**Exercise brief:** Leaving out all pictures, write out word for word the lines from the one containing "Necklace Set and" to the end of the data below.

**Data supplied:**
══════════════════════════════

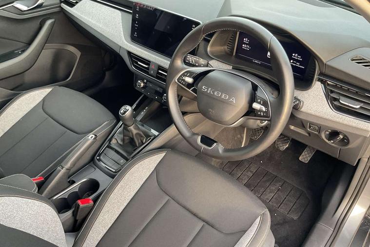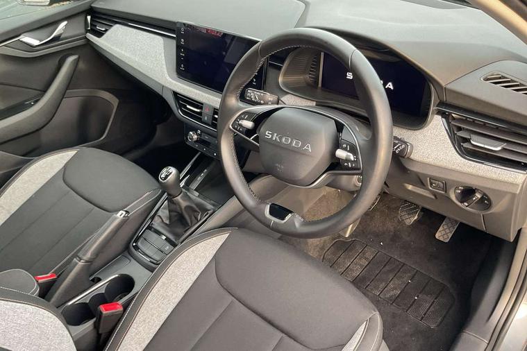 Advanced driver attention and drowsiness monitor, Bluetooth, e-Call (emergency call), Front assist system, PAS, Rear parking sensors, Rear view camera, Speed limiter, Tailgate, Traffic sign recognition, Virtual Cockpit - 10.25" digital display, Voice control system, Wireless smartlink, 4 USB C ports, 8 Speakers, 9.2" Skoda navigation display, DAB radio, Auto dimming rear view mirror, Automatic headlamp activation with Coming home and Leaving home feature, Automatic high/low beam, Body colour bumpers, Body colour door mirrors and handles, Chrome moulding around grille, Front and rear electric windows, Full LED headlights, Heated rear window, LED 3rd brake light, LED brake lights, LED daytime running lights, LED front turning lights, LED high beam, LED low beam, LED taillights, Rear LED fog light, Rear side wing doors, Rear wiper, Tinted windows, Unique dark chrome design logo on alloy wheels, 12V socket in luggage compartment, 3 seat bench in 2nd row, Black / Grey armrest stitching, Black hotstamping, Cargo elements, Chrome inner door handles, Door inserts in satin black, Driver and passenger sun visors with vanity mirror, Dual zone climate control, Front and rear roof lights, Front centre armrest, Front head restraints, Glasses storage in roof liner, Height adjustable driver seat, Height adjustable passenger seat, Ice scraper, Illuminated glove compartment, Inner circulation control with pollen filter, ISOFIX for front passenger seat, Isofix preparation for back seats, Leather gearknob and handbrake lever, Loft cloth upholstery, Luggage net under rear parcel shelf, Manual lumbar support for front seats, Net package and top tether hooks in boot space, Pearl grey ceiling, Pocket on the back of both front seats, incl. mobile phone pockets, Single front passenger seat, Skoda lettering on steering wheel, Textile floor mats, Third rear headrest, Ticket holder, Top tether for front passenger seat, Umbrella in driver's door, 3x3 point rear seatbelts, ABS, Child locks, Curtain airbags and front side airbags, Disc brakes, Driver and front passenger airbags, ESP, Hill hold control, Manual leather parking brake, One tone horn, Passenger airbag switch off function, Seatbelt reminder for driver and front passenger, Tyre pressure monitoring system, Anti theft alarm system with interior monitoring, backup horn and towing protection, Anti-theft wheel bolts, Remote central locking with 2 remote folding keys, SAFE function for remote central locking, Decord pad, door inserts Kota uni,
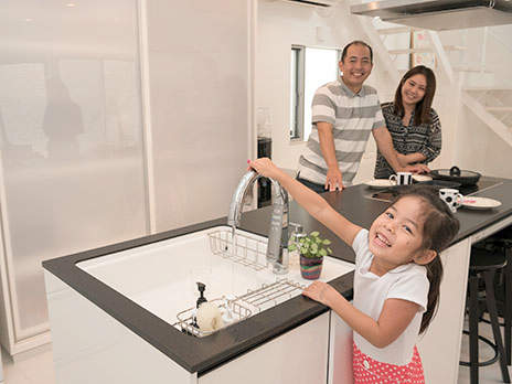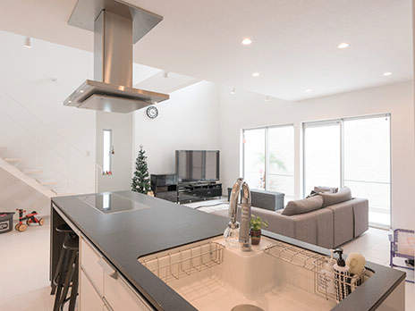 これまでキッチンに入ることはほとんどなかったというご主人も、後片付けを積極的にされるようになったそうです。実は「いろりダイニング」を採用したいと最初に言い始めたのは、ご主人でした。「ショウルームもカタログもいろいろチェックしたけれど、こんなキッチンは見たことがなかった。デザインをひと目で気に入りました。沖縄で採用第1号と聞いてそれも嬉しかった」と笑顔で語ります。
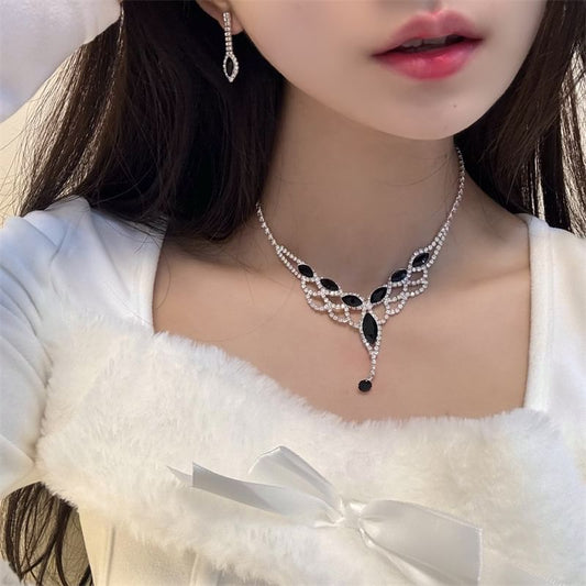 Necklace Set and Tiara Gold-Plated Diamond Crown – Sparkling
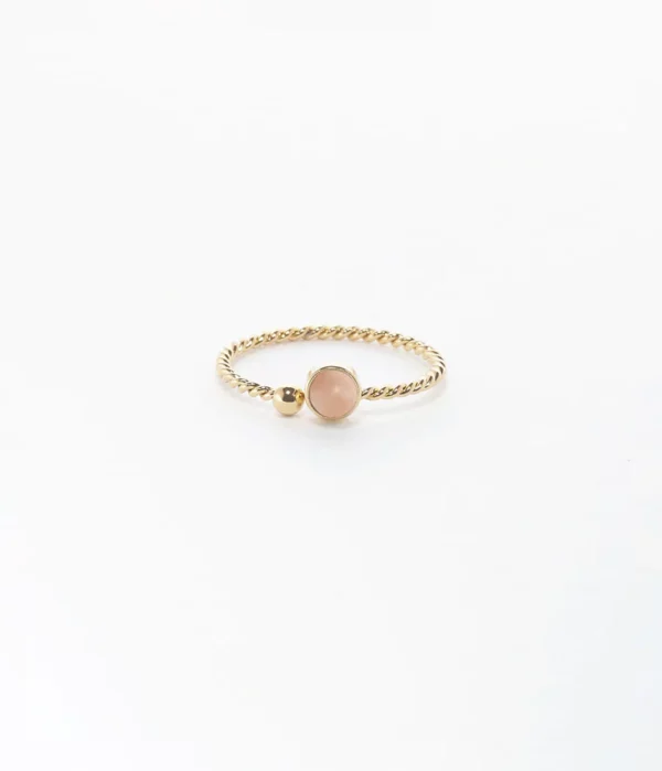 Bague fine ajustable dont l’anneau en acier doré à l’or fin est torsadé et serti d’un cabochon de pierre naturelle.
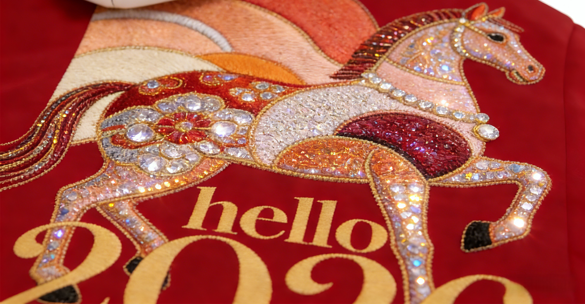 The front and sleeves feature ink-printed logos for cohesive sleek texture; on the back, the left-side horse motif uses embroidery + beadwork (fine stitching + shimmering beads) to highlight its limited-edition Year of the Horse identity; the right-side ink print creates visual contrast, merging retro and modern for a distinct, high-end style.
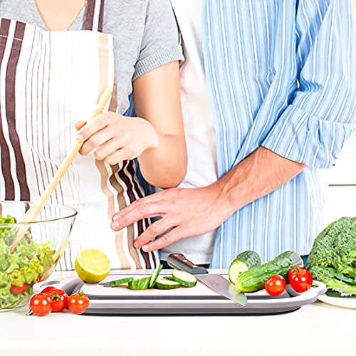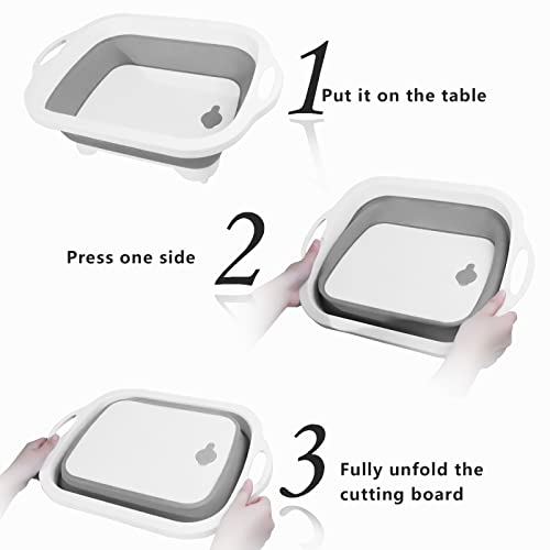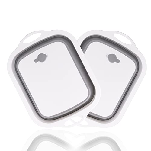 SEMSOIIO - لوح تقطيع قابل للطي من سيمسويو قطعتين، لوح تقطيع قابل للطي مع مصفاة، حوض غسيل خضروات للمطبخ متعدد الوظائف للتخييم (رمادي)

══════════════════════════════

**Task result:**
 Necklace Set and Tiara Gold-Plated Diamond Crown – Sparkling
 Bague fine ajustable dont l’anneau en acier doré à l’or fin est torsadé et serti d’un cabochon de pierre naturelle.
 The front and sleeves feature ink-printed logos for cohesive sleek texture; on the back, the left-side horse motif uses embroidery + beadwork (fine stitching + shimmering beads) to highlight its limited-edition Year of the Horse identity; the right-side ink print creates visual contrast, merging retro and modern for a distinct, high-end style.
 SEMSOIIO - لوح تقطيع قابل للطي من سيمسويو قطعتين، لوح تقطيع قابل للطي مع مصفاة، حوض غسيل خضروات للمطبخ متعدد الوظائف للتخييم (رمادي)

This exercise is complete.